**Task to complete**
Output the lines of the entries below beginning at the one with "1.甲地的气压最可能是( )" and ending with the last, exactly as written and without pictures.

**Extracted material**
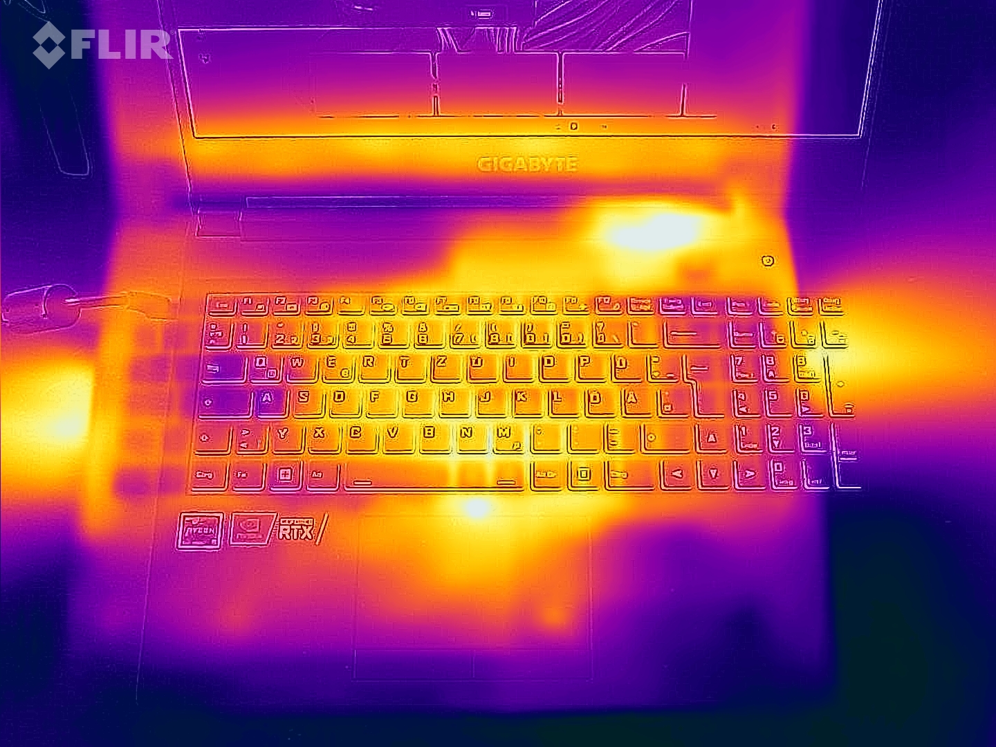 De temperatuurontwikkeling van de A5 K1 is ook niet briljant - ondanks de royale hoogte. Een maximum van 50 °C (122 °F) aan de bovenzijde en 51 °C (123,8 °F) aan de onderzijde na 60 minuten volledige belasting zijn meer dan veel dunnere laptops met vergelijkbare uitrusting.
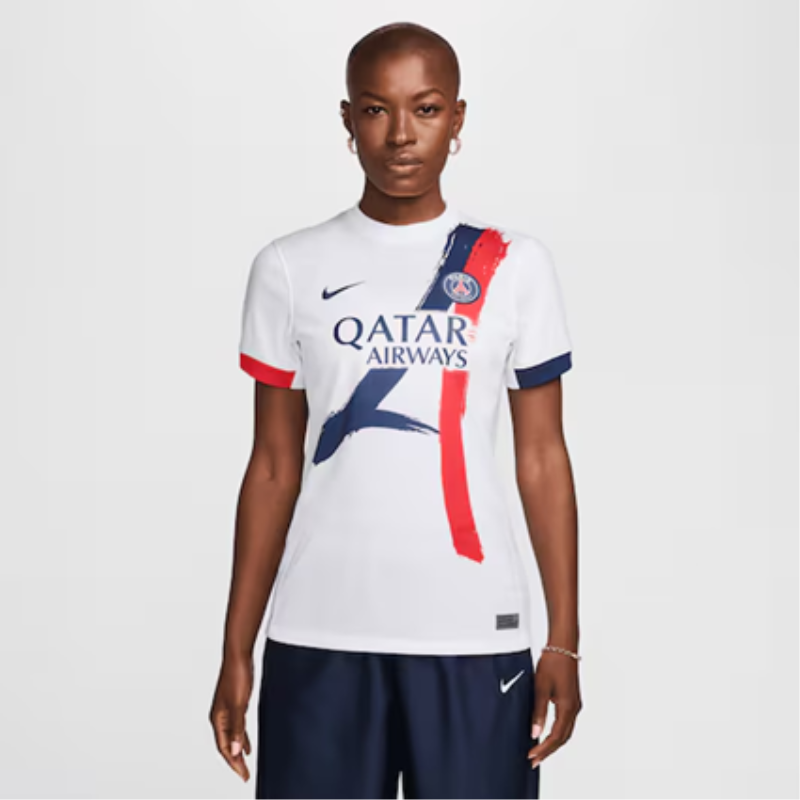- Details: The 25/26 Away kit pays homage to an iconic Club shirt worn by Parisians during the 1990-91 and 1991-92 seasons, while also embodying the innovative spirit of the club's new generation. Featuring two red and blue stripes on a white background, the shirt takes inspiration from the iconic silhouette of the Eiffel Tower. The kit will be worn by all Paris Saint-Germain teams, including both the men's and women's professional teams, as well as its academy teams.
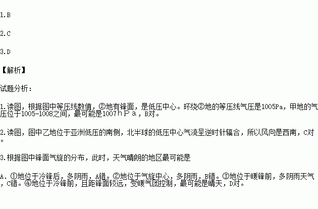 1.甲地的气压最可能是( )
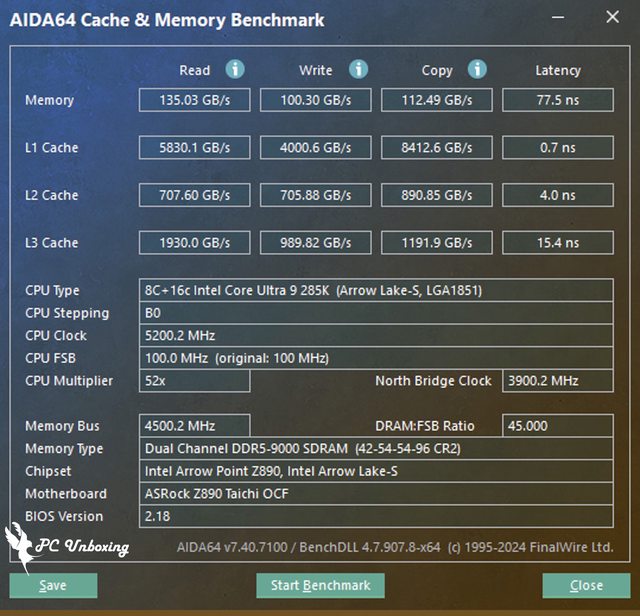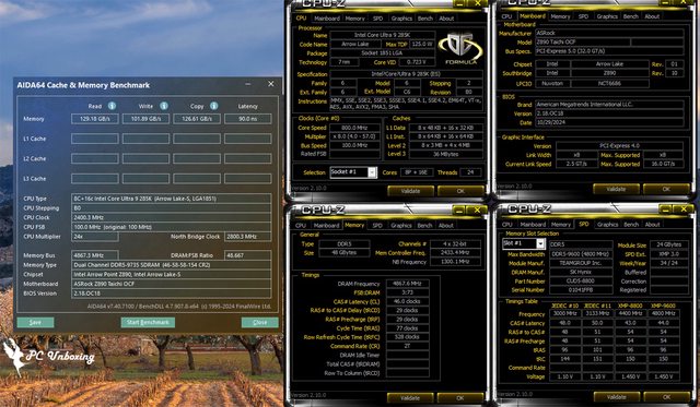 首先是以兩條手動超頻至 DDR5 9733 MT/s Gear4 並且進行了 AIDA64 記憶體與快取測試
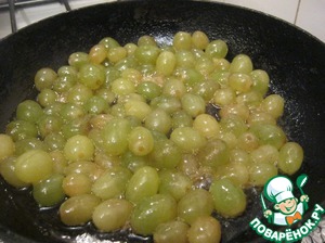 На раскалённую с маслом сковороду выкладываем виноград и на

**Result**
 1.甲地的气压最可能是( )
 首先是以兩條手動超頻至 DDR5 9733 MT/s Gear4 並且進行了 AIDA64 記憶體與快取測試
 На раскалённую с маслом сковороду выкладываем виноград и на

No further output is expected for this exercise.